A quick weeknight skillet dinner – one-pan cheesy rice and black beans is ready in 30 minutes, made on the stovetop with the simplest ingredients. Vegan-adaptable, GF.

Don’t you just love an easy skillet dinner? This cheesy rice-and-beans skillet dinner is ready in 30 minutes! Made with simple pantry ingredients, all in one pot, it’s flavorful, comforting, and incredibly easy to make. I like to make a batch for Brian and me to enjoy over several meals during the week. Leftovers can be reheated and repurposed into bowls, burritos, or folded into tacos.
While the rice cooks, prep the toppings – we love avocado, tomatoes, cilantro, sour cream, and hot sauce, or a mound of dressed arugula (my personal favorite).
Why you’ll love this family favorite recipe!
Fast and easy. This 30-minute meal is prepared in one pan, making cleanup easy. It’s perfect for busy weeknights!
Adaptable. The recipe can be easily adapted. For example, I’ll add leftover salsa to flavor the rice; or instead of bell peppers, I’ll use a poblano pepper, an anaheim chili, or canned green chilies. Sub pinto beans or red beans for the black beans, or stir in cooked ground meat instead of beans. Vegan? Skip the cheese or use vegan cheese.
Simple ingredients. It’s made with onion, bell pepper, rice, spices, beans, and cheese. I always keep these ingredients on hand for a quick meal.
Black beans and Rice Ingredients

- Rice: Simple white rice works best for maintaining texture and absorbing the flavor of the spices. You can use brown rice if preferred, but the cooking time will be longer.
- Beans: My go-to is black beans, but you could easily substitute pinto beans, kidney beans, or red beans. Use canned beans to keep it easy, or meal prep and cook black beans from dried.
- Cheese: Use cheddar, mozzarella, or jack cheese, or sub vegan cheese! You can also leave the cheese out if you prefer.
- Onion and bell pepper: Sautéed veggies give the rice a savory flavor base. Feel free to sub poblano chili (adds more heat!) or diced canned chilies if desired.
- Spices: Chili powder (or ancho chili powder), ground cumin, dried oregano, and granulated garlic (or sauté garlic cloves with the onion).
- Vegetable broth: For cooking the rice, or simply use water.
How to Make One-Pan Cheesy Rice and Beans
1. Sauté the veggies. In a large skillet or saucepan, warm olive oil over medium heat and add the onion. Sauté 3-4 minutes. Add bell pepper and sauté for a few more minutes. Add rice, spices, and half of the salt, and stir to combine.


2. Add broth and simmer. Add the broth or water, stir, and bring to a gentle boil. Cover the pan and simmer for 15-20 minutes, or until the rice is tender.
3. Add beans and cheese. Add the black beans, remaining salt, and cheese. Continue warming until the cheese is melty.

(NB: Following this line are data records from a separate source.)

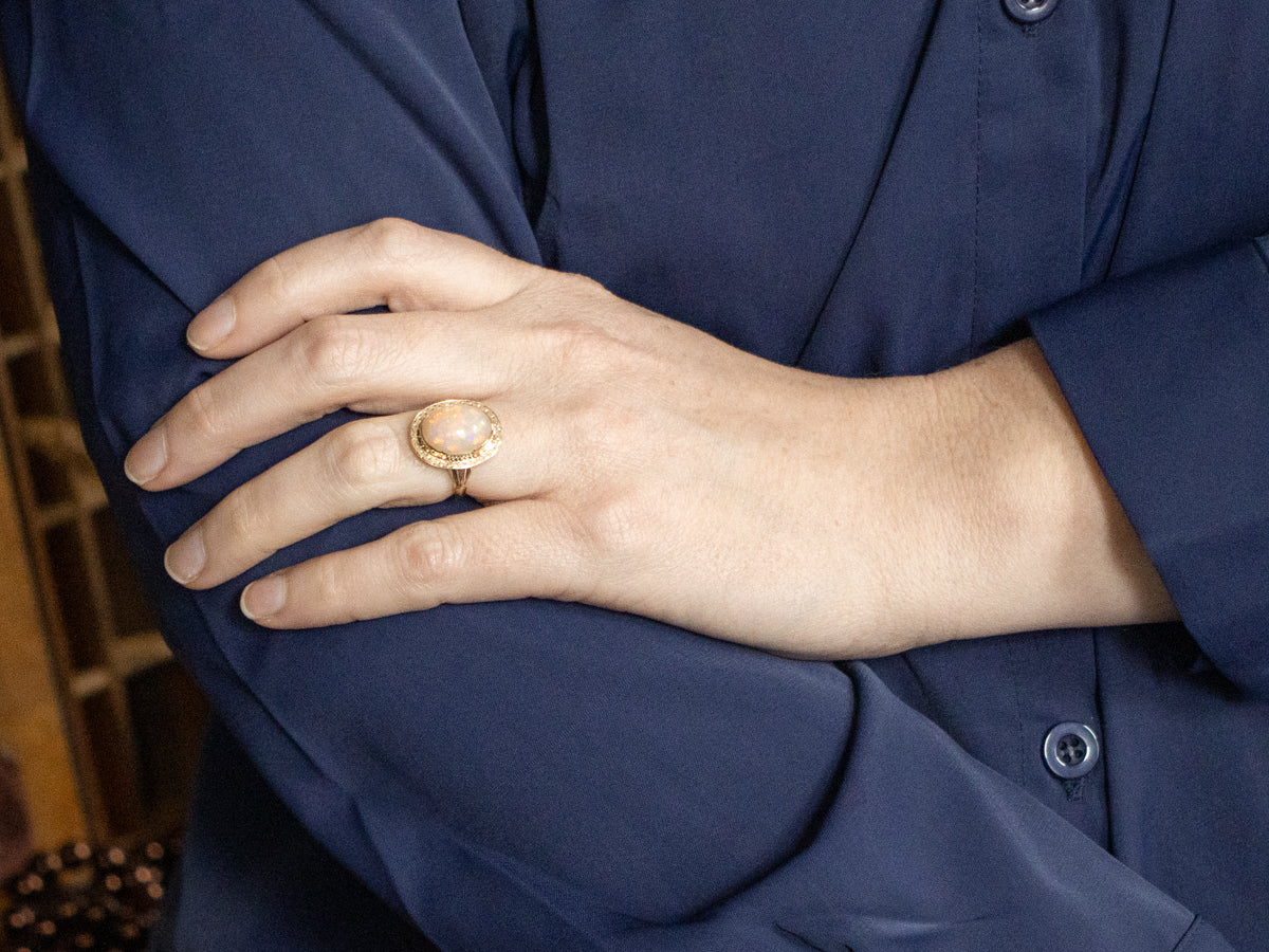 Victorian Revival Bezel Set Opal Cocktail Ring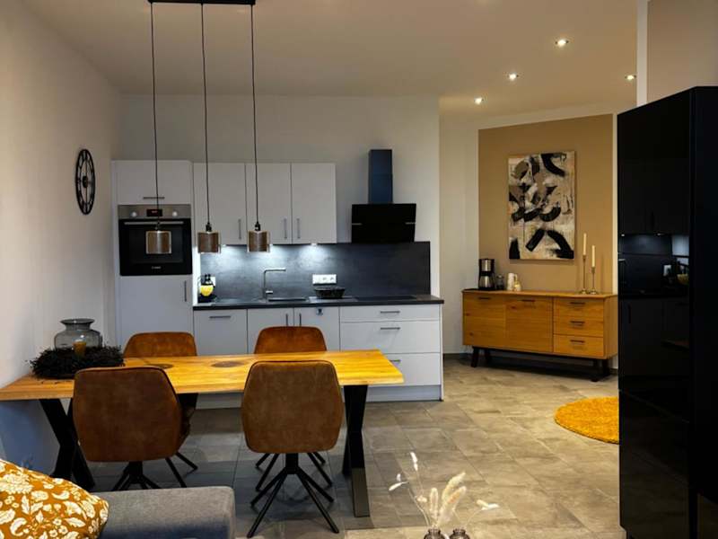 Die Ferienwohnung umfasst 1 Schlafzimmer, ein Wohnzimmer und eine voll ausgestattete Küchenzeile mit Kühlschrank und Kaffeemaschine. Das Badezimmer ist mit einer Dusche und einem Haartrockner ausgestattet. Handtücher und Bettwäsche werden bereitgestellt. Die Unterkunft ist rauchfrei, sowohl in den öffentlichen als auch in den privaten Bereichen.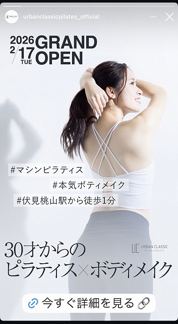 どちらにしてもオープンはまだ来月なので、気になる方は【URBAN CLASSIC PILATES伏見桃山店(アーバンクラシックピラティス伏見桃山店)】さんのホームページやInstagramをチェックしてみてください^^

4. Taste and season. Taste and adjust for salt and heat. To make it spicier, add cayenne or chipotle.
5. Serve! Keep warm in the oven until ready to serve. Garnish with any desired toppings.

Toppings Ideas!

- Avocado or guacamole
- Fresh cilantro
- Sliced green onions
- Thinly sliced jalapeño
- Halved cherry tomatoes
- Radishes
- Hot sauce
- Sour cream
Variations
- Season to taste preferences. If you like more heat, add a little chipotle or cayenne, or if you like it smoky, add a teaspoon of smoked paprika.
- Clean out your fridge. This adaptable recipe is perfect for using up extra veggies or other items you have stocked in your fridge. Sometimes I’ll add salsa to the rice for a little extra flavor, or I’ll use a poblano or Anaheim chili instead of the bell pepper.
- Add meat! Instead of beans, stir in cooked ground meat, like our Homemade Mexican Chorizo.
- Make it vegan! Skip the cheese and drizzle with a little more olive oil, or use vegan cheese.
Serving Suggestions
- Tacos or burritos: Stuff the cheesy rice and beans into tortillas and serve with salsa or salsa macha.
- Bowls: Add chorizo or plant-based chorizo and pico de gallo or pineapple salsa for a heartier main dish.
- Breakfast: Reheat leftovers for breakfast with scrambled eggs, baked eggs, or tofu scramble.
Storage
Store leftovers in an airtight container in the refrigerator for up to 4 days. You can also freeze cheesy rice and beans for up to 3 months. Thaw overnight in the fridge before reheating. Reheat gently on the stovetop until warmed through.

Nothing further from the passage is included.